Think About Withholding Strategy

Because less is being refunded, and because withholding aims to capture it "just right" (neither too high, nor too low), it might be worthwhile to check your payroll withholding or quarterly estimated payments. Overwithholding amounts to making the government an interest-free loan; underwithholding can result in your owing money (or penalties).


Use Refunds Wisely

For those who do get refunds, evidence indicates many taxpayers are spending the money as significant—possibly necessary—instead of a surplus.

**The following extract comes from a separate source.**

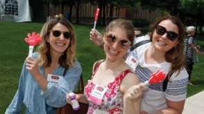 Class of 2008 classmates (from left): Jessica Nare, Amandine Weinrob, and Alison Gary Mengerink grabbed some noise-making clappers and bubbles for the Parade of Classes on the JAYwalk.

A survey revealed 61 % of taxpayers indicated their refund is an important consideration in their 2025 budget, an increase from 52 % the previous year.


Common uses:


Home/rent payment (58 %)


Groceries/food (48 %)


Credit card/debt payment (29 %)


Home repair (13 %)


So if you do receive a refund, worth spending it to buttress priorities and not treating it as discretionary.


Filing & Payment Method Changes

One ancillary shift: the IRS is eliminating paper refund checks. Starting September 30, 2025, most individual refund checks by mail will be discontinued; rather, nearly all refunds will be sent through direct deposit (or other electronic methods) to enhance speed and security.

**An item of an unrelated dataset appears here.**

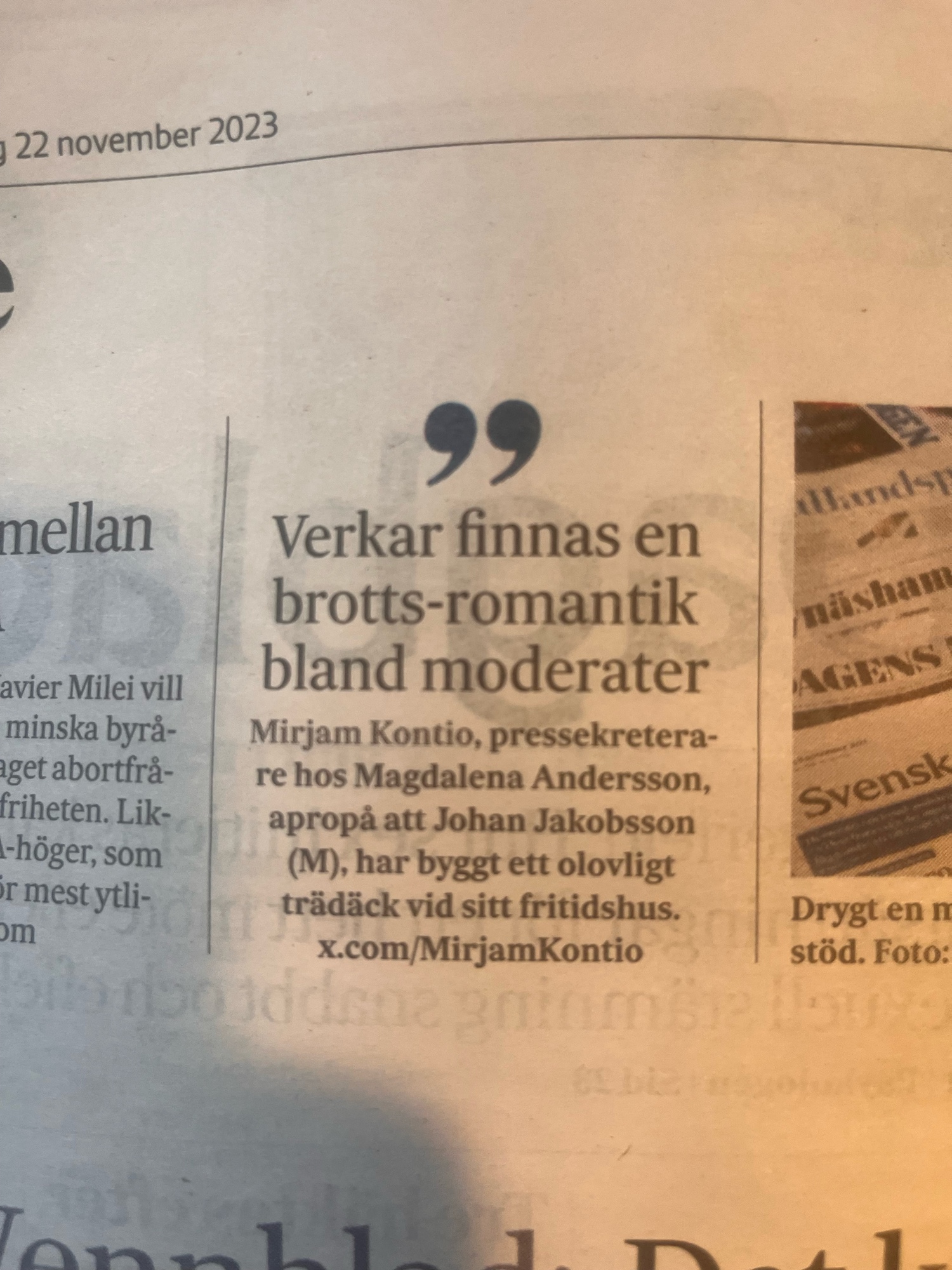 Visa på Mastodon →Kristersson verkar ha lite otur i valet av statssekreterare. De verkar minst sagt lite slarviga med att följa lagar. Först gällde det ålfiske och nu bygga trädäck utan tillstånd. Oseriöst! Uppgifter: Statssekreterare Johan Jakobsson utreds för fler brott https://www.aftonbladet.se/nyheter/a/bglaP5/uppgifter-statssekreterare-johan-jakobsson-utreds-for-fler-brott

If you already bank by paper checks (say, because you're unbanked or like to receive mail), you'll need to change: leave bank account information or consider other electronic options.


Why the "Fewer" Piece Matters

It's not merely that fewer refunds are being paid — why they're being paid speaks to tax and economic realities more generally:


More break even or owe: As withholding gets better, more filers should approach zero refund or owe a minimal amount.

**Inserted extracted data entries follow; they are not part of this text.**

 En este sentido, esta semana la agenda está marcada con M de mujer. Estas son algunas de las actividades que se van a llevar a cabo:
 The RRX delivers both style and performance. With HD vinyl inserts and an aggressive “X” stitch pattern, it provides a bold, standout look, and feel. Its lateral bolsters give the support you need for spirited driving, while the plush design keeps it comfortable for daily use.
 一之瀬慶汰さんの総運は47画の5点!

Gig economy / non-wage income: With an increased number of taxpayers receiving income not subject to payroll withholding (gig workers, contractors, investment income), the complexity level rises and the likelihood of owing increases. (This was highlighted in previous IRS estimates.)


Slow filing by individual taxpayers: Some taxpayers with more intricate forms (business income, investments, etc.) wait to file — i.e., they might not be included early in the refund total, making early figures biased.


All of this adds up to the seen "fewer refunds" figure — it is not so much a reflection of tax system failure, but more one of mechanics and population shift.


Ahead: What to Watch

Last refund-issuance figures: Early season average refund statistics are deceptive. The entire season average might be different after receiving all returns. The IRS itself explains the early average is lower because the easiest returns are filed first.


Policy reforms & tax legislation: Any new tax law, credits, or changes to tax law (federal or state) might shift the landscape of refunds even more — i.e., new or additional refundable credits might increase average refunds, or more restrictive rules might decrease them.


Impact on low-income / vulnerable taxpayers: Since the paper-check phase-out is most burdensome on families lacking access to banking, this adjustment may impose undue difficulty on some. Furthermore, since refunds can serve as a vital source of income support or budgeting rebasing for lower-income families, shifts in refund patterns have tangible impacts.


Taxpayer response: As people become more aware that refunds are not as big (or as predictable), more will change withholding, file sooner, or seek tax professionals. Ahead-of-time tax planning might be more important than ever.


Bottom Line

In 2025, the tale of tax refunds is one of accuracy, not windfalls. Fewer Americans are getting refunds, but those who do are getting modestly bigger refunds. The change is driven by better withholding calibration, fewer transient credits, inflation adjustments, and taxpayer profile shifts.


For taxpayers, the takeaway points are: don't assume a big refund is a certainty; check your withholding and tax adjustments; use any refund you receive as significant; and remain vigilant for payment method changes (such as the shift away from paper checks).


In short: the era of the big "surprise refund check" may be on the decline, but a carefully managed refund is an important financial event — perhaps more than ever.